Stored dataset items
========================================================================
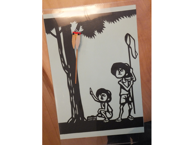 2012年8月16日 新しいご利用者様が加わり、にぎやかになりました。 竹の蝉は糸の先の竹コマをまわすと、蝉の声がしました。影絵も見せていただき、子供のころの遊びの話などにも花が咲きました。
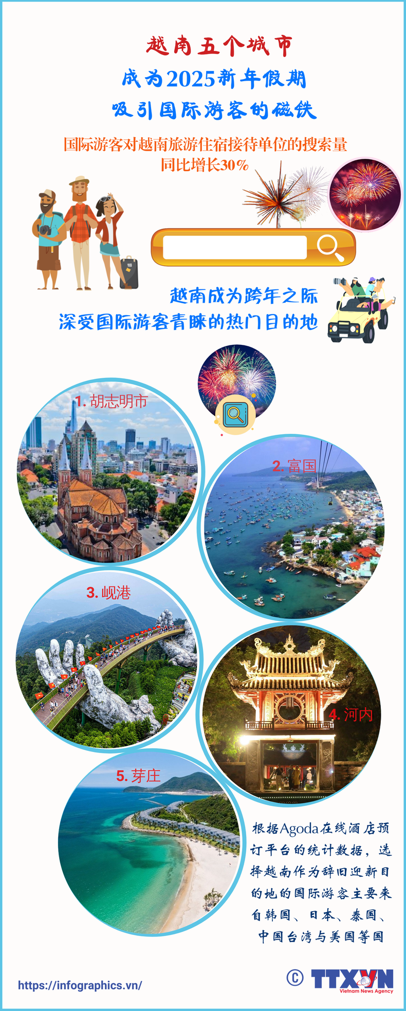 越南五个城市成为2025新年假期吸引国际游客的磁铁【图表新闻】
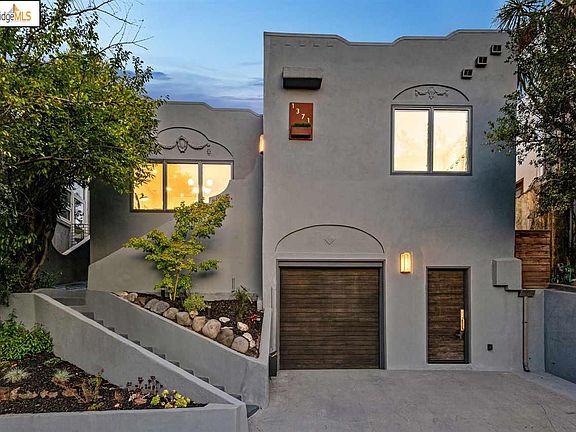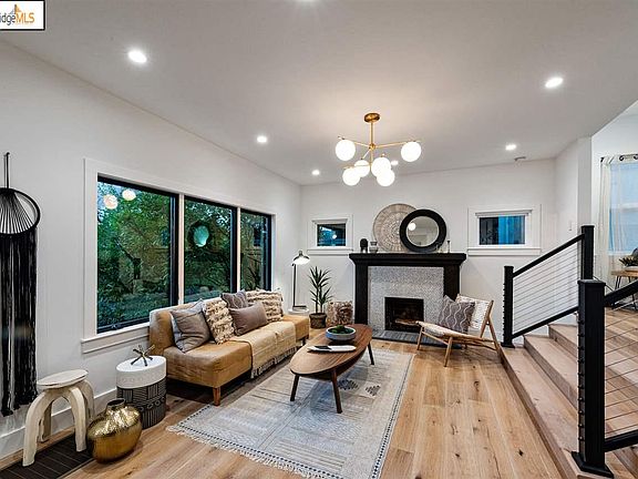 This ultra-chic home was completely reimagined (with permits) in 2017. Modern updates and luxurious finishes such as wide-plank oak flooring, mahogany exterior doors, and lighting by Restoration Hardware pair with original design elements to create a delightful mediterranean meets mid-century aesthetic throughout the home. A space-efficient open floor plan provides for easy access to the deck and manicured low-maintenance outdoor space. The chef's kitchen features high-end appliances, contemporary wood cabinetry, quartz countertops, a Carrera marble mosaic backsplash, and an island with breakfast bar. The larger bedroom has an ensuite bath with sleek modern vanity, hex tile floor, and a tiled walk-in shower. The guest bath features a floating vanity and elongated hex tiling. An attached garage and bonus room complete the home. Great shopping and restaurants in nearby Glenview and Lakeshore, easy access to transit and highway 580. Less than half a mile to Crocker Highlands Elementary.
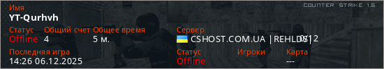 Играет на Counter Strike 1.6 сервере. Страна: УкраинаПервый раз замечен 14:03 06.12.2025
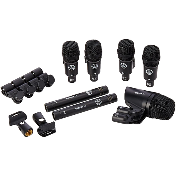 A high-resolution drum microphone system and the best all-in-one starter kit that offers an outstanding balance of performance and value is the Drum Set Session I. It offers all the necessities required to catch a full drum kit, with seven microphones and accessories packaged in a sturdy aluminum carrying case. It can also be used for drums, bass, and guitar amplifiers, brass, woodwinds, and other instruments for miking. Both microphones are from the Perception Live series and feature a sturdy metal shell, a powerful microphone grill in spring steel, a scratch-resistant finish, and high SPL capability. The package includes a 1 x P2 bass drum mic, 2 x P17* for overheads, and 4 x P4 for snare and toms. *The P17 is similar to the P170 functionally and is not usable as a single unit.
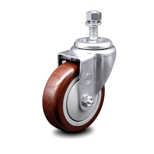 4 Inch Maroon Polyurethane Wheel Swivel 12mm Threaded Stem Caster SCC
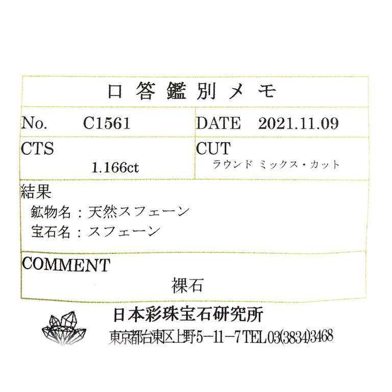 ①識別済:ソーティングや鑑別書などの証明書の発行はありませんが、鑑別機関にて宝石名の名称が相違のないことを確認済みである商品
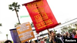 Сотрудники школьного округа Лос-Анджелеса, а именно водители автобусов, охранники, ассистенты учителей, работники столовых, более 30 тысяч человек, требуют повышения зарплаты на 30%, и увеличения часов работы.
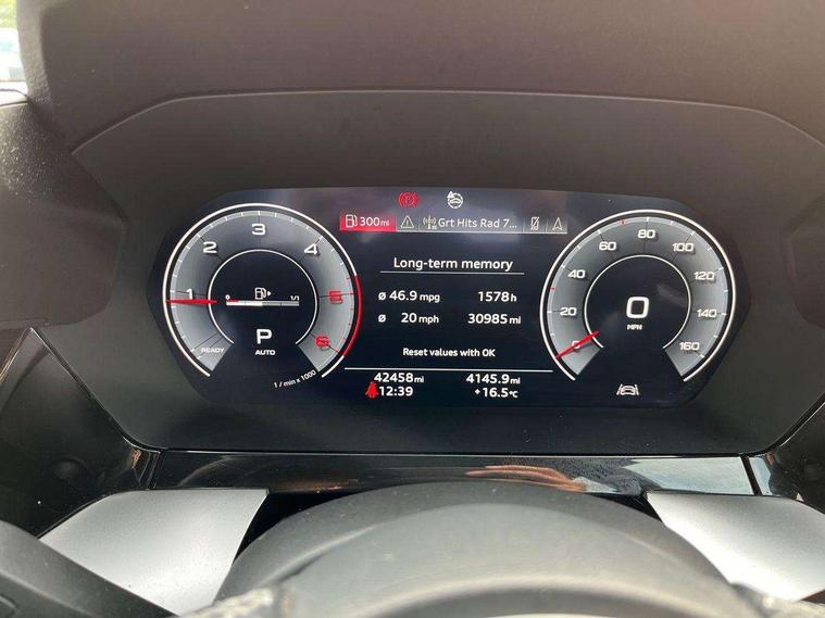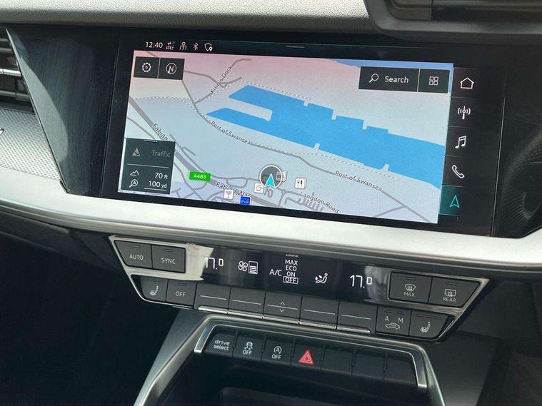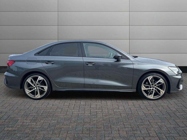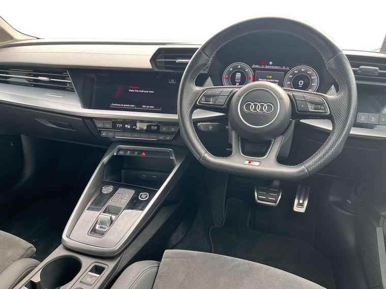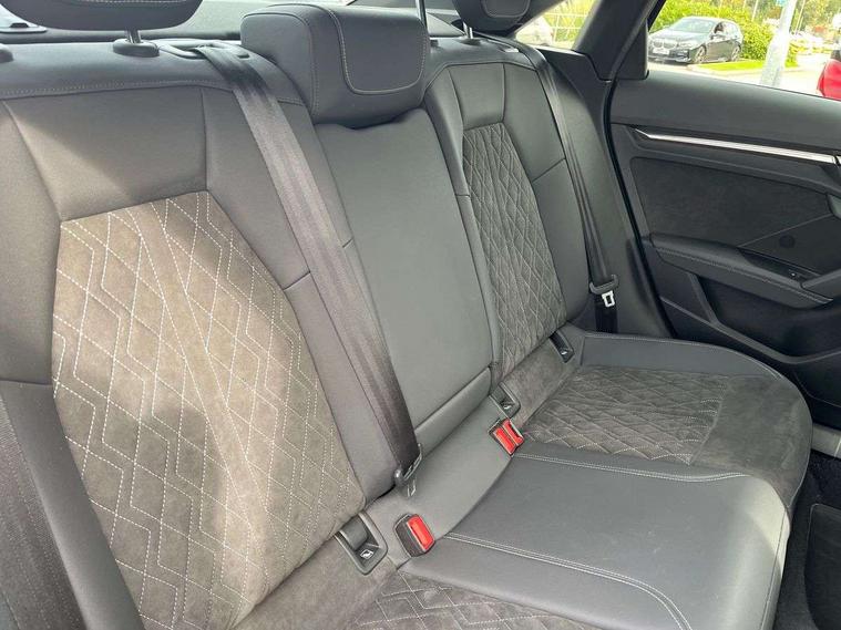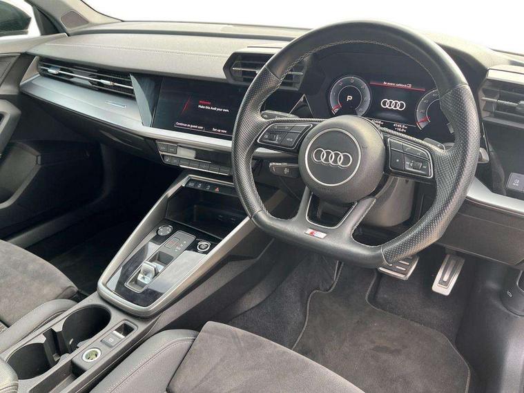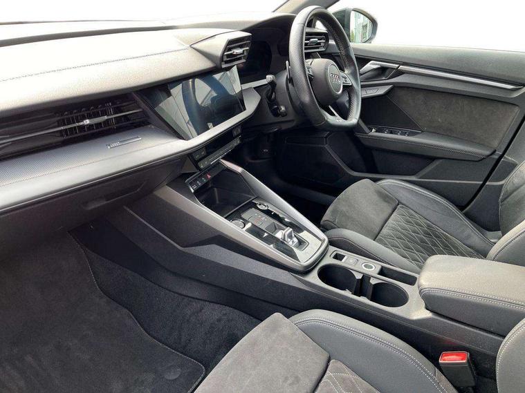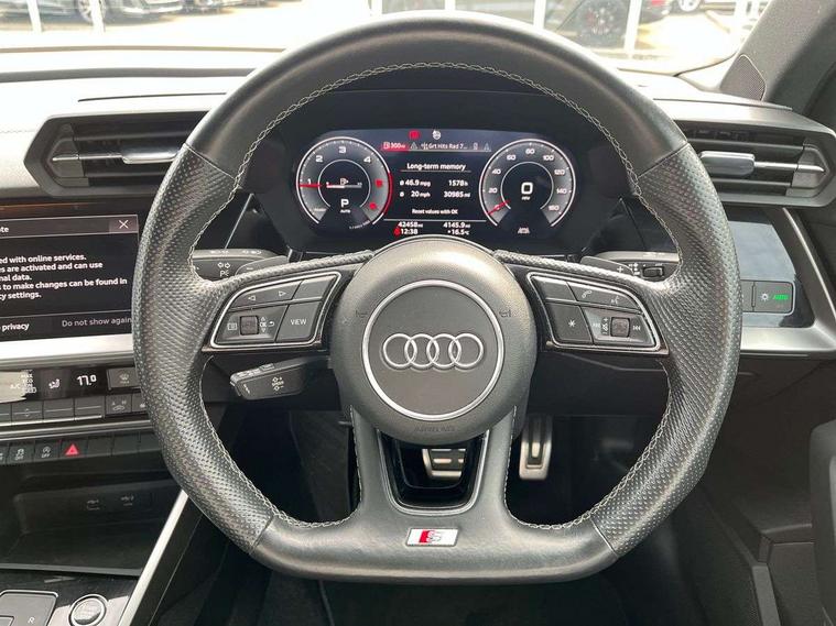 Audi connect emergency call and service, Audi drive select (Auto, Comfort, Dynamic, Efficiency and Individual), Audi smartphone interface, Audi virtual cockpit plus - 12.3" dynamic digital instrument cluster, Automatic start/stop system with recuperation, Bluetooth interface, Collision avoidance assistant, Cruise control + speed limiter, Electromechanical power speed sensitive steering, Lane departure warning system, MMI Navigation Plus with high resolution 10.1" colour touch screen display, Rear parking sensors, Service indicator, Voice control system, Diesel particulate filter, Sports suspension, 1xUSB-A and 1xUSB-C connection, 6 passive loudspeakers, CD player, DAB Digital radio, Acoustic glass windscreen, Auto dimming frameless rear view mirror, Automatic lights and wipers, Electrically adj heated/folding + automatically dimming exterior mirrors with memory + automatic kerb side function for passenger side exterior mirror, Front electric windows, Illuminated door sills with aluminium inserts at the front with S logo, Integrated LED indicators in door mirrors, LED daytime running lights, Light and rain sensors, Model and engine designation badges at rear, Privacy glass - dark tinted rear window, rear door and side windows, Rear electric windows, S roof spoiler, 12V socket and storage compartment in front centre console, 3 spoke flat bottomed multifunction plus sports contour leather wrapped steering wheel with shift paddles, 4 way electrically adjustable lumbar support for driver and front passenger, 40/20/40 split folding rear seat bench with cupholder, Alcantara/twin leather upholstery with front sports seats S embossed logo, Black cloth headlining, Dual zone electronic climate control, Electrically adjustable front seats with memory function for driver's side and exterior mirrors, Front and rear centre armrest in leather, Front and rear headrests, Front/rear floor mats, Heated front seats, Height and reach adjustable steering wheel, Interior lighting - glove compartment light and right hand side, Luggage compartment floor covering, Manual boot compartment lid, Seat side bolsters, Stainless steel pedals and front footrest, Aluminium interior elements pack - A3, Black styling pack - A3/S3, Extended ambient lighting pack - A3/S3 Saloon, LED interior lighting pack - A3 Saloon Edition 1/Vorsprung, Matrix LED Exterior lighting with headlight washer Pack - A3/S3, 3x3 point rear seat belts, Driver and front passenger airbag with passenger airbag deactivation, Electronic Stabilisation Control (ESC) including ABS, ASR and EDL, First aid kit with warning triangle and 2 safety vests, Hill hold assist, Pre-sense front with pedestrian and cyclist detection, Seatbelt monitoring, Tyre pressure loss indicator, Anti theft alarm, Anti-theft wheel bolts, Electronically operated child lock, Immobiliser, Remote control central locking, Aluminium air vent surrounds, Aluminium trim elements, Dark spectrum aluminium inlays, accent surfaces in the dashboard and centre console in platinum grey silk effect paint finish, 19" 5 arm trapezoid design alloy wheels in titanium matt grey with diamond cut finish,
========================================================================
EXERCISE PROMPT
Return only the lines running from the start of the entries above to the line that contains "越南五个城市成为2025新年假期吸引国际游客的磁铁【图表新闻】", inclusive, and omit every picture.

ANSWER SECTION
 2012年8月16日 新しいご利用者様が加わり、にぎやかになりました。 竹の蝉は糸の先の竹コマをまわすと、蝉の声がしました。影絵も見せていただき、子供のころの遊びの話などにも花が咲きました。
 越南五个城市成为2025新年假期吸引国际游客的磁铁【图表新闻】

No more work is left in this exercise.